## WHAT IS NEEDED
In the records below, find the line containing "Hà Nội công" and the line containing "ผอ.ท่าเรือเผยคืบหน้า ‘แหลมฉบังเฟส 3’". Give again exactly those lines and every line between them, omitting the pictures.

** RECORDS TO USE follows **

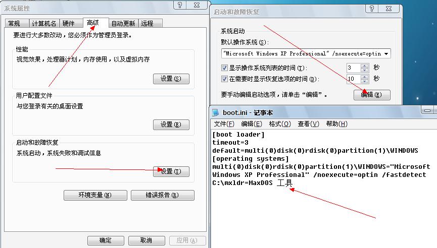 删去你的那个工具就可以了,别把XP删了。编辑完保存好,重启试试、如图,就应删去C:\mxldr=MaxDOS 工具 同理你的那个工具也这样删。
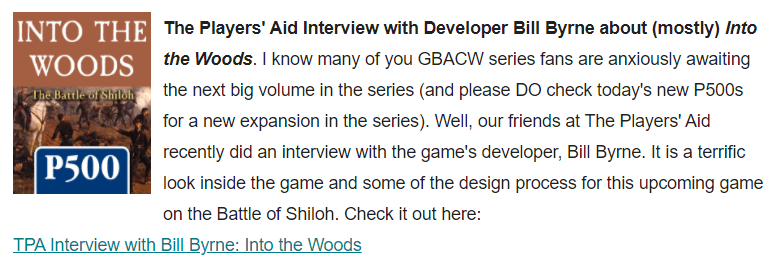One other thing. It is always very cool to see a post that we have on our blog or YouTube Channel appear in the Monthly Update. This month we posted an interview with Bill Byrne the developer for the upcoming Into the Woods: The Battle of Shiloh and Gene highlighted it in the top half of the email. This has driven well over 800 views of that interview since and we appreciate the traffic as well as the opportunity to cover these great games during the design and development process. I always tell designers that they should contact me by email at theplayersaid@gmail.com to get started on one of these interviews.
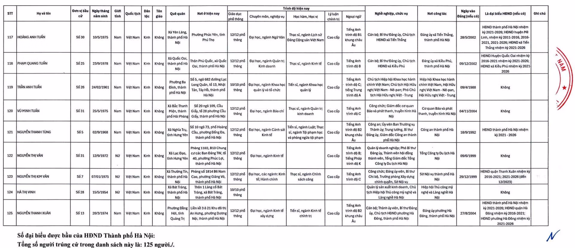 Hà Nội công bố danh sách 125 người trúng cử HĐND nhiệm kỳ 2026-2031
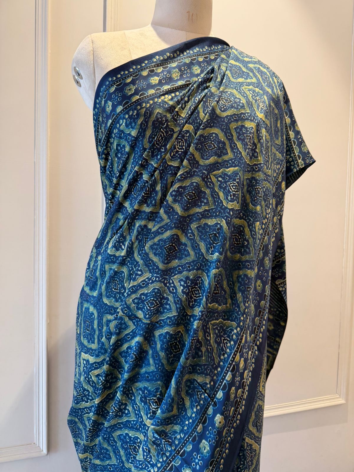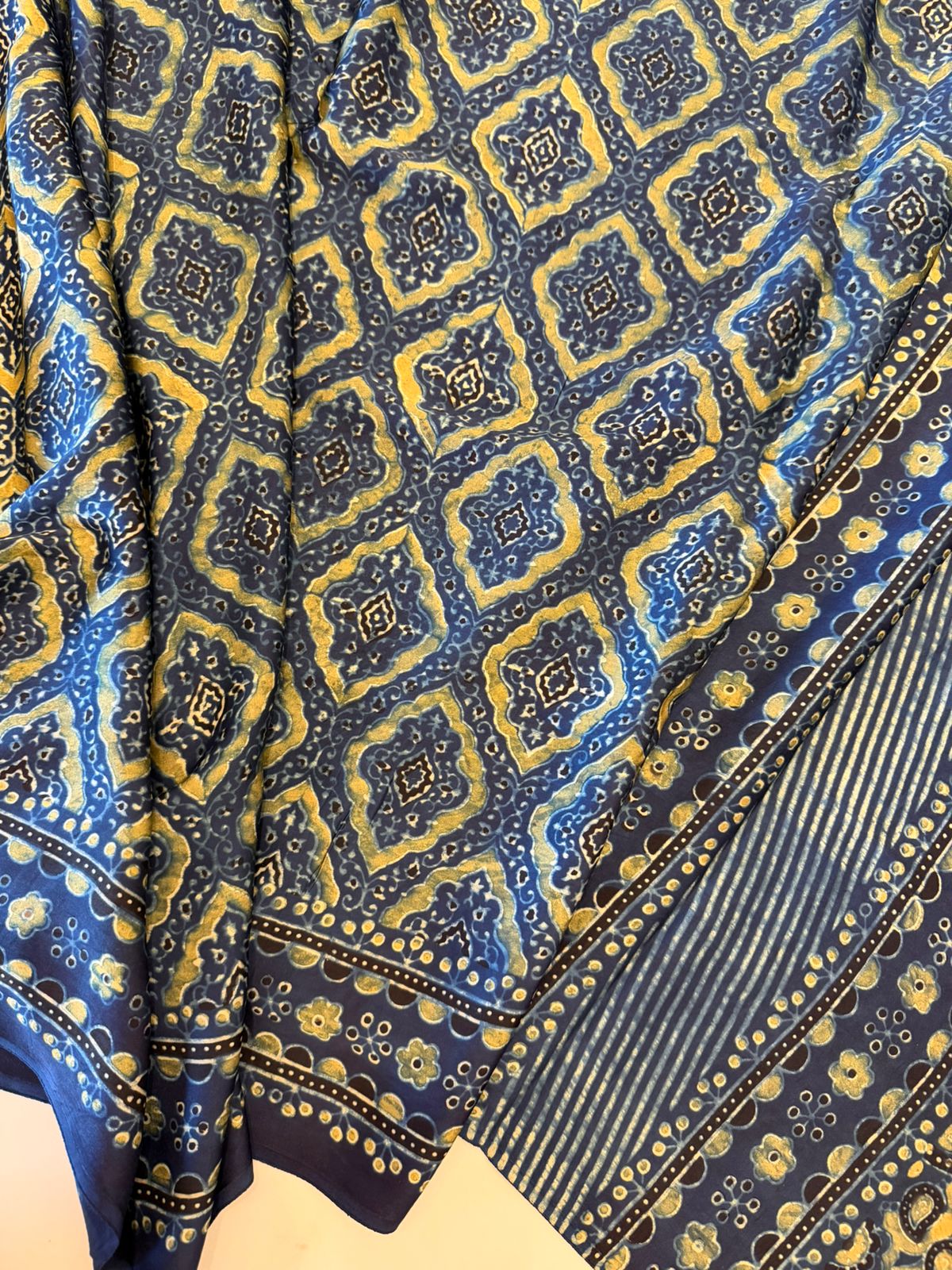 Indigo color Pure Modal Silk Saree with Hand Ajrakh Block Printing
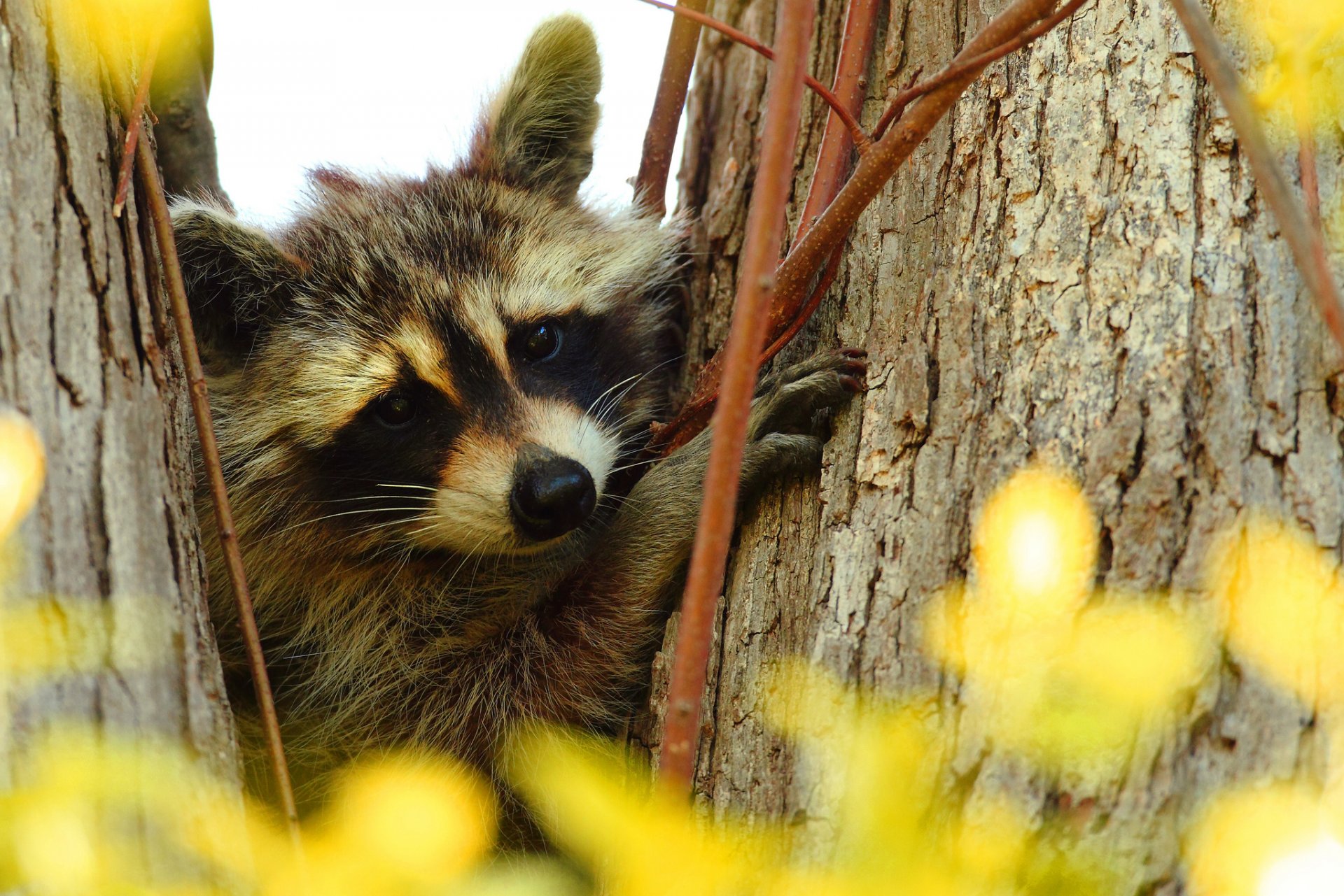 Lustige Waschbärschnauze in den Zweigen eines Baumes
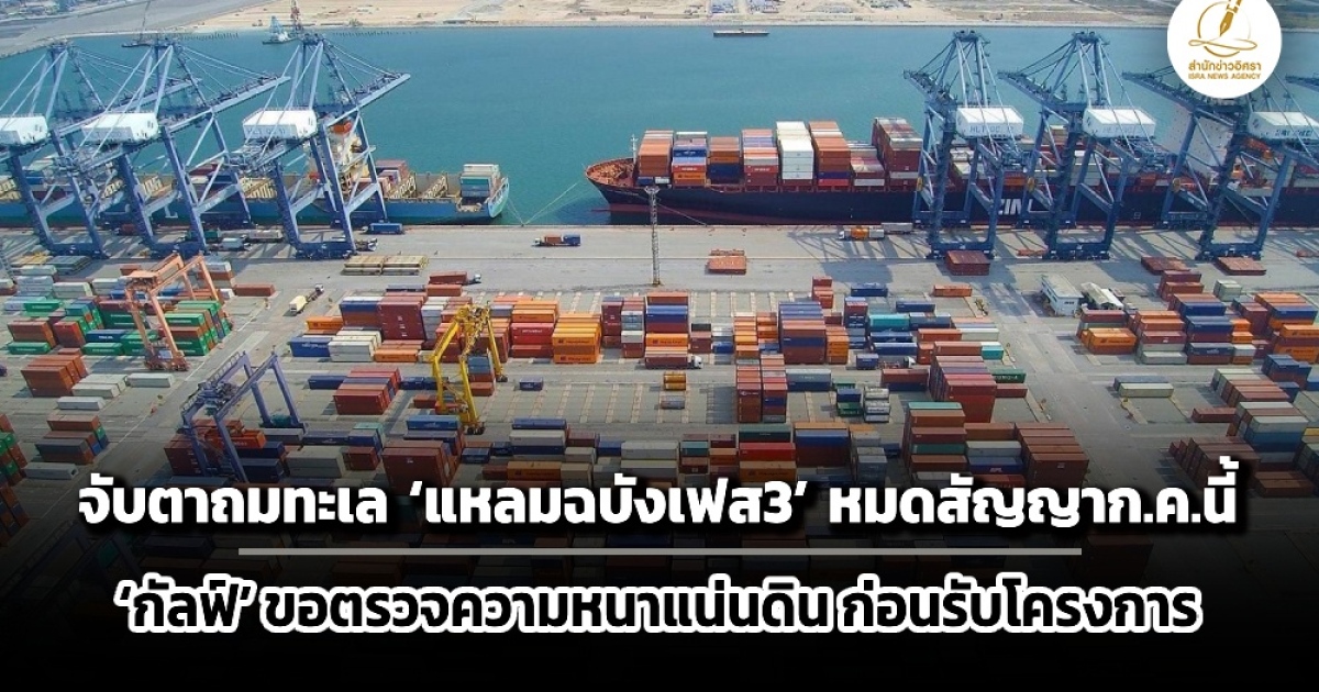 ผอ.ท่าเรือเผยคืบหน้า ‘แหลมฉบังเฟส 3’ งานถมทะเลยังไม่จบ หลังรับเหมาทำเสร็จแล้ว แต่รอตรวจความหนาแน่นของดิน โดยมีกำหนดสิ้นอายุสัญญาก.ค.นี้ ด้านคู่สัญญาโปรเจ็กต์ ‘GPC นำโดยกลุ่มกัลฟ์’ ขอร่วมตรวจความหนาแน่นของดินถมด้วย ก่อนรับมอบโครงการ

** End of RECORDS TO USE **
** RECORDS TO USE follows **

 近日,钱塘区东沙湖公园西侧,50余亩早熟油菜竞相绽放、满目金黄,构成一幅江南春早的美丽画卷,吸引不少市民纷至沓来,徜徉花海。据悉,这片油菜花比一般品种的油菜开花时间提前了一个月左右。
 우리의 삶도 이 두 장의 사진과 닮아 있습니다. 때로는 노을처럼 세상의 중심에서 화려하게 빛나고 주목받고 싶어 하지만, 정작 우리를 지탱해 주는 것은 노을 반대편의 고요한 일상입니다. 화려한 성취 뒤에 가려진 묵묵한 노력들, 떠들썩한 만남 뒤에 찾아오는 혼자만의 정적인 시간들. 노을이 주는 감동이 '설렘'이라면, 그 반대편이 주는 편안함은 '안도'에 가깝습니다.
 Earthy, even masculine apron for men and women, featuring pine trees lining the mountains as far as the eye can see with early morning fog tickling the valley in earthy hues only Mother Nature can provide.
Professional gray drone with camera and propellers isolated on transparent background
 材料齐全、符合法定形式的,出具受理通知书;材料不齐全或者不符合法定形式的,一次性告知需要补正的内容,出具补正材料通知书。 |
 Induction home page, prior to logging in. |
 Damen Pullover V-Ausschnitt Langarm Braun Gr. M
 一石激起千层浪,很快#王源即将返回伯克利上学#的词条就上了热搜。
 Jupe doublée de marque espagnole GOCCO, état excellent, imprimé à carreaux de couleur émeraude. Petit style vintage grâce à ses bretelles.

** End of RECORDS TO USE **

## SOLUTION
 Hà Nội công bố danh sách 125 người trúng cử HĐND nhiệm kỳ 2026-2031
 Indigo color Pure Modal Silk Saree with Hand Ajrakh Block Printing
 Lustige Waschbärschnauze in den Zweigen eines Baumes
 ผอ.ท่าเรือเผยคืบหน้า ‘แหลมฉบังเฟส 3’ งานถมทะเลยังไม่จบ หลังรับเหมาทำเสร็จแล้ว แต่รอตรวจความหนาแน่นของดิน โดยมีกำหนดสิ้นอายุสัญญาก.ค.นี้ ด้านคู่สัญญาโปรเจ็กต์ ‘GPC นำโดยกลุ่มกัลฟ์’ ขอร่วมตรวจความหนาแน่นของดินถมด้วย ก่อนรับมอบโครงการ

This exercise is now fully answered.